Goal of the exercise
Find the line in the entries below that contains "中国铁合金网讯:2021年2". Repeat it exactly, and every line after it through the line that contains "Understated yet undeniably".
# # # #
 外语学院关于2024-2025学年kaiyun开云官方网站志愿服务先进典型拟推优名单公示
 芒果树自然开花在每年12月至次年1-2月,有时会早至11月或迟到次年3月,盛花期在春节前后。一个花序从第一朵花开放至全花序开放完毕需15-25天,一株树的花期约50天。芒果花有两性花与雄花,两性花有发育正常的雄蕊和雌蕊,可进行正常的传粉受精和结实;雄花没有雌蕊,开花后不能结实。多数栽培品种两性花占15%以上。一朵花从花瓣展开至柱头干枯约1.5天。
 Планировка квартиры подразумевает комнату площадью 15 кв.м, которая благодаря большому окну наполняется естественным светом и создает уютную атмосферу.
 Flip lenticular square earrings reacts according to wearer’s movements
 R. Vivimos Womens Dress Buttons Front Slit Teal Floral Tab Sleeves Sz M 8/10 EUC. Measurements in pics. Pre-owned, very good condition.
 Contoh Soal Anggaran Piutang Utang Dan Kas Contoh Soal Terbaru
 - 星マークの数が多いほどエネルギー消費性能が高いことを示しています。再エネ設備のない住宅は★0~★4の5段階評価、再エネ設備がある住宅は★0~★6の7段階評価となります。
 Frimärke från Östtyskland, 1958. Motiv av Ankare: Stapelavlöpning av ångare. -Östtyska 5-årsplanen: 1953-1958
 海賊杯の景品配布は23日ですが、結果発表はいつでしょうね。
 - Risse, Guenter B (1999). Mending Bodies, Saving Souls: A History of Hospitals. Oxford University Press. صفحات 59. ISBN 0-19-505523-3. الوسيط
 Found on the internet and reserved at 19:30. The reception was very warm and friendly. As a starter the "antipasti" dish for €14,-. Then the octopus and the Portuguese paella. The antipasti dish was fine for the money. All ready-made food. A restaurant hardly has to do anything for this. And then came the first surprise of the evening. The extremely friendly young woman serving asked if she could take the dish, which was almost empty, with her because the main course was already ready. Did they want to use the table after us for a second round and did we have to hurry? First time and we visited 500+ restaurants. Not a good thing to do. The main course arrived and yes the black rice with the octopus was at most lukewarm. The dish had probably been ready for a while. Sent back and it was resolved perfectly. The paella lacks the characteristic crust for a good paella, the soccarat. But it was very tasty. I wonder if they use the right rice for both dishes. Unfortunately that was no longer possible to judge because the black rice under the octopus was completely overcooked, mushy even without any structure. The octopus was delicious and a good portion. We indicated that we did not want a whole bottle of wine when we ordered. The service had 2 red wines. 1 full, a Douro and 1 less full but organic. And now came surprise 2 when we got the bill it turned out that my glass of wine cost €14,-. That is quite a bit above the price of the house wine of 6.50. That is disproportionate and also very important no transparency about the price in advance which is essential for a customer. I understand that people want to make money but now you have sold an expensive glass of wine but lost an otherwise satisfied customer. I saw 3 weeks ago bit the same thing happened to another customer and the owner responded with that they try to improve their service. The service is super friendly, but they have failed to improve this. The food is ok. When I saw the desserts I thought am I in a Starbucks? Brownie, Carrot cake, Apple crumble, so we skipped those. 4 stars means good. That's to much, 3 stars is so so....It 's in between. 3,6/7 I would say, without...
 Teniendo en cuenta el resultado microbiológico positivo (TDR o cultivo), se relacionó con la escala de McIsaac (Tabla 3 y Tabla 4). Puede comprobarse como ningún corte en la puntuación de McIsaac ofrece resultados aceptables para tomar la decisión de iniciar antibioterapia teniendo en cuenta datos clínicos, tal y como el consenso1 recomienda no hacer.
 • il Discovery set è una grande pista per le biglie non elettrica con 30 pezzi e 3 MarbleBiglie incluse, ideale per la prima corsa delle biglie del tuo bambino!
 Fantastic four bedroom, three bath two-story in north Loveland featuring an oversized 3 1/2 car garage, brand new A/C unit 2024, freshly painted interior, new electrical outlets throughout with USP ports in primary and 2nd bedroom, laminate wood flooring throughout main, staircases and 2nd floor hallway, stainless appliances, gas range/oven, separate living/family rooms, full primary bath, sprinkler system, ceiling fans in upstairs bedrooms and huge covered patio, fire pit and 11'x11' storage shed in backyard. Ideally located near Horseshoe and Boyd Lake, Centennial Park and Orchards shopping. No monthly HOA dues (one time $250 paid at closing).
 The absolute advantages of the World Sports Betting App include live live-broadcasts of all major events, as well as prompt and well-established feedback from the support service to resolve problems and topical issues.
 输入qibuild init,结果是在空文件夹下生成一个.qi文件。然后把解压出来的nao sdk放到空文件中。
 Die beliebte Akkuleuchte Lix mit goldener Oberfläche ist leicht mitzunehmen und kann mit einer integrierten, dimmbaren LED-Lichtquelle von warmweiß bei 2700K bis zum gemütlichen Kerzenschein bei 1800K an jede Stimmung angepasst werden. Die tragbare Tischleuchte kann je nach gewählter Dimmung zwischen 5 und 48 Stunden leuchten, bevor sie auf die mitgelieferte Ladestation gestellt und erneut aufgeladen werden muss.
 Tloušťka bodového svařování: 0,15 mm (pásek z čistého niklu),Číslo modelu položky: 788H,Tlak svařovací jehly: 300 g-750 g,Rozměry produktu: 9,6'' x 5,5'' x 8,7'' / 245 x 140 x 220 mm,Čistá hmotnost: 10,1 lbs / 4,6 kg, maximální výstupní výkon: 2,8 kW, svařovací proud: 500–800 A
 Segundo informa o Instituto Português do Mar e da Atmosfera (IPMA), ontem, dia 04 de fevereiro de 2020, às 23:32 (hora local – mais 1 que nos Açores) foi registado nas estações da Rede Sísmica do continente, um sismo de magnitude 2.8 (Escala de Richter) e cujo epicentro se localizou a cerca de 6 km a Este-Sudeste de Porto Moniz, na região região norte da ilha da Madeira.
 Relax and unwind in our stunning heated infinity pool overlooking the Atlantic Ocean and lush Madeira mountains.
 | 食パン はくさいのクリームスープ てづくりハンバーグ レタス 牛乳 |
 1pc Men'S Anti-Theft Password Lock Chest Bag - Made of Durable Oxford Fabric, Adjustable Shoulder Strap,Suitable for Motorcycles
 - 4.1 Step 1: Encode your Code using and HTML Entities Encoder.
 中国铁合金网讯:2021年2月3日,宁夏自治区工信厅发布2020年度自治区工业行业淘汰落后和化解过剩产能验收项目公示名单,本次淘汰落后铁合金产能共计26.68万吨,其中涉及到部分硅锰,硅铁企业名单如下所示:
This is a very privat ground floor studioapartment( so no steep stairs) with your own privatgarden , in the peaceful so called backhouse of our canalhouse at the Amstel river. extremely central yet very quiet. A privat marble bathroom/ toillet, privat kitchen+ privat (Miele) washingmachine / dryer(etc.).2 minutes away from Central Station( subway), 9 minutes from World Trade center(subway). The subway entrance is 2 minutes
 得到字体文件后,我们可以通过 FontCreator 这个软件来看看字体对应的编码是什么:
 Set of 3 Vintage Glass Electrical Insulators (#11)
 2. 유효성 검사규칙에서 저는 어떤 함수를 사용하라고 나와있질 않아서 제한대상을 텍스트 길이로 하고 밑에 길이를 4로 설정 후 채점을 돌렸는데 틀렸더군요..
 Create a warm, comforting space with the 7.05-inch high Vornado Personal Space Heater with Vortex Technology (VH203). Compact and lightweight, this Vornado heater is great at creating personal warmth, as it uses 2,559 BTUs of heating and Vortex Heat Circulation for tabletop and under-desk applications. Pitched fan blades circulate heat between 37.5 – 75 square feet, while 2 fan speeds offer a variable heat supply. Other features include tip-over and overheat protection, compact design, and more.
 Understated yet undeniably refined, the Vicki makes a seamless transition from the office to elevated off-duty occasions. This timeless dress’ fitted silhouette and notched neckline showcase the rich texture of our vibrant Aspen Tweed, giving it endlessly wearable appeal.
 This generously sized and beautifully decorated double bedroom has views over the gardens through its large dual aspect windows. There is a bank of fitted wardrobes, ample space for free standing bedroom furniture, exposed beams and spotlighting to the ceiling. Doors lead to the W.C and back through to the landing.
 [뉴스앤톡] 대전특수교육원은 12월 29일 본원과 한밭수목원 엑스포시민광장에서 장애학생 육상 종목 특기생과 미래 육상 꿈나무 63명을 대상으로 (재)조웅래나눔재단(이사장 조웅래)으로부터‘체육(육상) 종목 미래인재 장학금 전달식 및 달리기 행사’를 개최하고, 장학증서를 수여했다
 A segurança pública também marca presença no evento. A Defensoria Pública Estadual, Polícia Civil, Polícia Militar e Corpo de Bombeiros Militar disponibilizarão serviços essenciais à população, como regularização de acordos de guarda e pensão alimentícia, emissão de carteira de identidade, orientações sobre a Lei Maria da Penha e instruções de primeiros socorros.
# # # #
Expected output
 中国铁合金网讯:2021年2月3日,宁夏自治区工信厅发布2020年度自治区工业行业淘汰落后和化解过剩产能验收项目公示名单,本次淘汰落后铁合金产能共计26.68万吨,其中涉及到部分硅锰,硅铁企业名单如下所示:
This is a very privat ground floor studioapartment( so no steep stairs) with your own privatgarden , in the peaceful so called backhouse of our canalhouse at the Amstel river. extremely central yet very quiet. A privat marble bathroom/ toillet, privat kitchen+ privat (Miele) washingmachine / dryer(etc.).2 minutes away from Central Station( subway), 9 minutes from World Trade center(subway). The subway entrance is 2 minutes
 得到字体文件后,我们可以通过 FontCreator 这个软件来看看字体对应的编码是什么:
 Set of 3 Vintage Glass Electrical Insulators (#11)
 2. 유효성 검사규칙에서 저는 어떤 함수를 사용하라고 나와있질 않아서 제한대상을 텍스트 길이로 하고 밑에 길이를 4로 설정 후 채점을 돌렸는데 틀렸더군요..
 Create a warm, comforting space with the 7.05-inch high Vornado Personal Space Heater with Vortex Technology (VH203). Compact and lightweight, this Vornado heater is great at creating personal warmth, as it uses 2,559 BTUs of heating and Vortex Heat Circulation for tabletop and under-desk applications. Pitched fan blades circulate heat between 37.5 – 75 square feet, while 2 fan speeds offer a variable heat supply. Other features include tip-over and overheat protection, compact design, and more.
 Understated yet undeniably refined, the Vicki makes a seamless transition from the office to elevated off-duty occasions. This timeless dress’ fitted silhouette and notched neckline showcase the rich texture of our vibrant Aspen Tweed, giving it endlessly wearable appeal.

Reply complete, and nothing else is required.